Chronic Mucocutaneous Candidosis and Other Superficial and Systemic Mycoses Successfully Treated with Ketoconazole

Abstract
Four patients with chronic mucocutaneous candidosis from early infancy were treated successfully with ketoconazole given orally. All thrush lesions were clinically and mycologically cured within a few days of treatment with 100–400 mg of ketoconazole daily; skin lesions were cured within a few weeks, and nails were cured after about three months of treatment. Delayed cutaneous hypersensitivity to candidin was acquired by the third month. Cellular and humoral immunologic responses were related to the suppression of Candida albicans antigen by ketoconazole. A fifth patient with chronic lingual granuloma due to C. albicans improved considerably.
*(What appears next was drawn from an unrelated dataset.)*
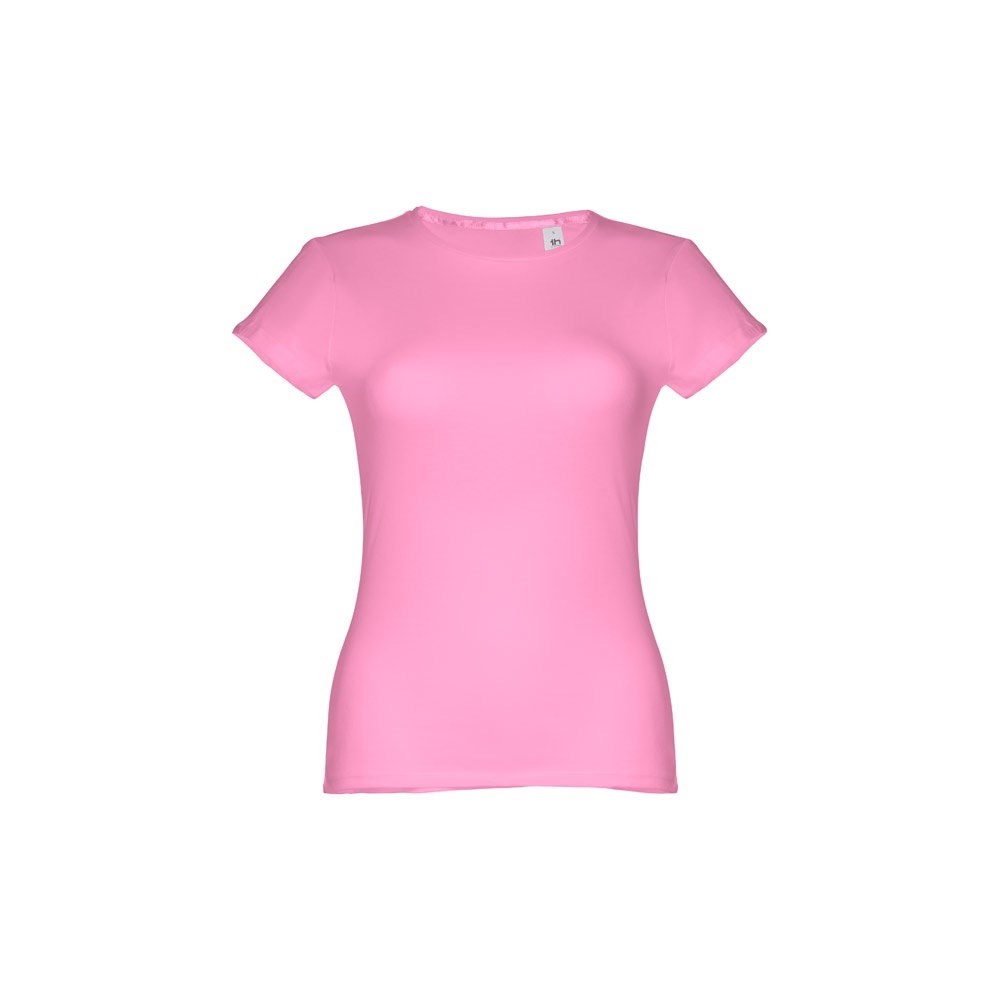 Damen T-shirt aus Strickjersey und 100% Baumwolle (150 g/m²), kurzarm mit kardiertem Baumwollfaden. Bei der Farbe 183 bestehend aus 90% Baumwolle und 10% Viskose. Schmaler Jersey-Kragen mit Satin-Verstärkungsband. Doppelnaht an Ärmeln und Saum. Tailliert. Größe: 3XL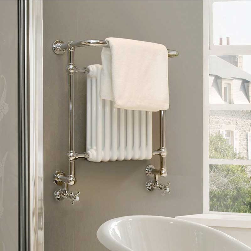 A refined look for any traditional setting…This towel warmer/ radiator combination creates an element of sophistication displaying the contrasting metallic frame alongside the decorative columns of the inset radiator.

Favorable results also were seen in individual patients with oral and disseminated histoplasmosis due to Histoplasma capsulatum; laryngeal, pulmonary, and hepatic disease with continuous fever also due to H. capsulatum; pulmonary histoplasmosis due to Histoplasma duboisii; cutaneous sporotrichosis; and cutaneous blastomycosis due to Blastomyces dermatitidis and in three patients with favus due to Trichophyton schoenleinii; six of seven patients with tinea capitis due to Trichophyton violaceum (after one month of treatment); and four patients with infections due to Petriellidium boydii, Phialophora pedrosoi, or Beauveria species. All patients responded rapidly to 400 mg of ketoconazole per day given orally. Only the patient with hepatic histoplasmosis required 800 mg per day. Measurements of ketoconazole in the serum during treatment were useful in the evaluation of therapy.